Mağusa Limanı, M.Ö. 274 yılında Ptolemus Krallarından Philadelphus tarafından kurulduğu ve kralın kızkardeşi Arsinoe’nin adını verdiği söylenir. Bu Arsinoe kenti, Salamis’in M.S. 648’de Araplar tarafından yıkılıp yakılması üzerine oradan göç eden halkla büyümüş adını da değişerek “KumdaSaklı”anlamında “Ammochostos” olmuştur. Lüzinyanlar döneminde (1192-1489) ise Mağusa, adanın Lefkoşa’dan sonra ikinci büyük kenti durumuna yükselmiş ve Frenklerin diliyle “Famagusta” diye tanınmaya başlamıştır. Kutsal topraklarda Haçlı Seferleri ile kurulmuş olan Batı Hristiyan kökenli Krallıkların son kalesi olan ACRE’nin (1291) Müslümanların eline geçmesi ile Guide Lüzinyan isimli Kral’ın (1191) yılında Kıbrıs’a gelmesi ile kenti işlek bir liman ve ticaret merkezi haline getirmişlerdir.

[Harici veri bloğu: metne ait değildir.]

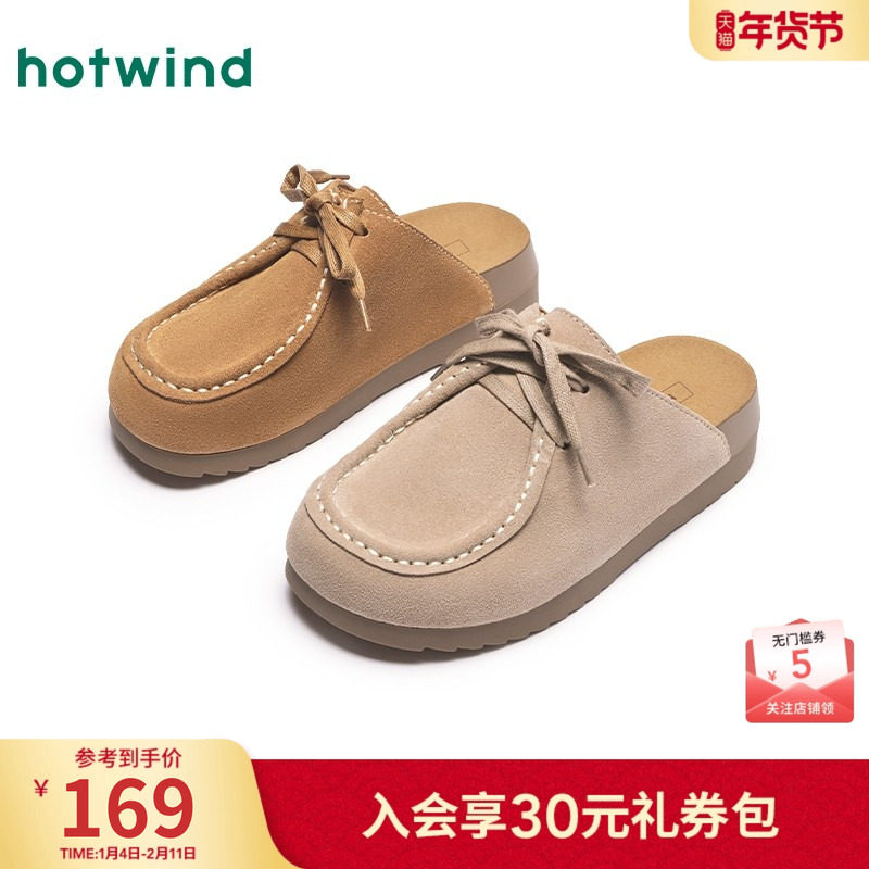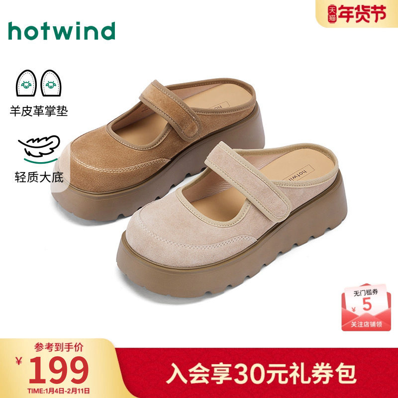 热风复古勃肯鞋女款2025年秋季新款户外包头半拖鞋厚底小个子女鞋

Doğu ülkelerinden Suriye kıyılarına getirilen bir çok kıymetli ticari eşya, Mağusa’lı tüccarlar tarafından Mağusa üzerinden Avrupa’ya sevk edilmeye başlanmış ve böylece kent, doğu – batı ticaretinde bir transit merkezi antrepo olarak büyük rol oynamıştır. Böylece, XIII.’üncü ve XIV.’üncü yüzyılda bir ticaret merkezi olarak tarihin en hareketli ve en önemli devrini yaşadı. Bu dönemde kent, birçok farklı din ve millete sahip tüccarları barındırmış, adanın doğu ve batı arasında ithalat ve ihracatları gerçekleştirmiştir. Bu gün sur içerisinde görülen ve Süryani, Ermeni, Ortodoks ve Lâtin Kiliselerine ait yapılar bu dönemde inşa edilmiştir.İhraç ürünleri arasında ipek, arpa, tuz, hububat ve Venedik dükalığının zengin sofralarının vazgeçilmez şarküteri ürünü turşulanmış Pulya Kuşu vardı.
Bugün böyle bir giriş yapmamın sebebi unutulan ve terk edilen bir değeri hatırlatmak istediğimdendir.

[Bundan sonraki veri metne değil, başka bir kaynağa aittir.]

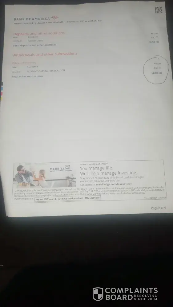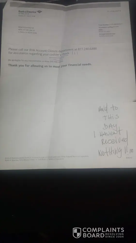 Since that time, Bank of America has held the funds and each time we've called for support - Bank of America has given us a variation of stories as to why the funds are not back in our account.

Çocukluğumun ve gençlik yıllarımın geçtiği Mağusa kenti ve limanın bugün içler acısı halini gördüğüm zaman buna ihtiyaç duydum.
İşte böylesine önemli tarihsel bir de zenginliği var Mağusa Liman’ının.
Dünyanın tarihi zenginlikleri arasındadır.
Bir dünya mirasıdır Mağusa Limanı..
Dolayısıyla her şeyden önce evrensel bir değerdir.
Ve/fakat biz maalesef toplum olarak bunun idraki içerisinde değiliz.
Böylesi bir değerin kıymetini bilemedik yazık.
Mağusa Limanı bakımsızlıktan dolayı harap olmuş durumda.
Bir çivi çakılmamış onca yılda.
Kaderine terk edilmiş liman.
Üstelik ülkenin ve Akdeniz’in en büyük ticari limanlarından birisi.
Yıllardır atıl durumda hem de aktif faaliyette iken.
Devlet Mağusa Liman’ının tel tel dökülmesine seyirci kaldı.
İşte bu limanda geçtiğimiz hafta balıkçı barınağı diye bilinen kısmında beton iskele çöktü.
Tek teselli can kayıbı yaşanmadı.
Bir kaç tekne ciddi hasar gördü.
Yıllarca üzerinde çoluk çocuğumuzla yürüdüğümüz, bir iskele.
Balıkçı teknelerimizi üzerine bağladığımız yer.
Bir anda sulara gömüldü.
Peki sebep?
Bakımsızlıktan tabi..
Peki sorumlu veyahut sorumlular?
Var elbette..
Bugüne kadar gelmiş geçmiş merkezi yönetimler ve yerel yönetimlerin hepsi bu durumdan sorumludurlar.
Zira koordine olup da bugüne kadar Mağusa Liman’ına bir tek çivi çakmadılar.
Bozulan bozuldu onarmadılar.
Yıkılan yıkıldı, yerine yapmadılar.
Bir çok insanın ekmek yediği, zengin olduğu, yaşamını bu liman sayesinde idame ettirdiği gerçekliğine rağmen devlet buraya sahip çıkmadı.
Liman şimdi patır patır yıkılıyor, dökülüyor.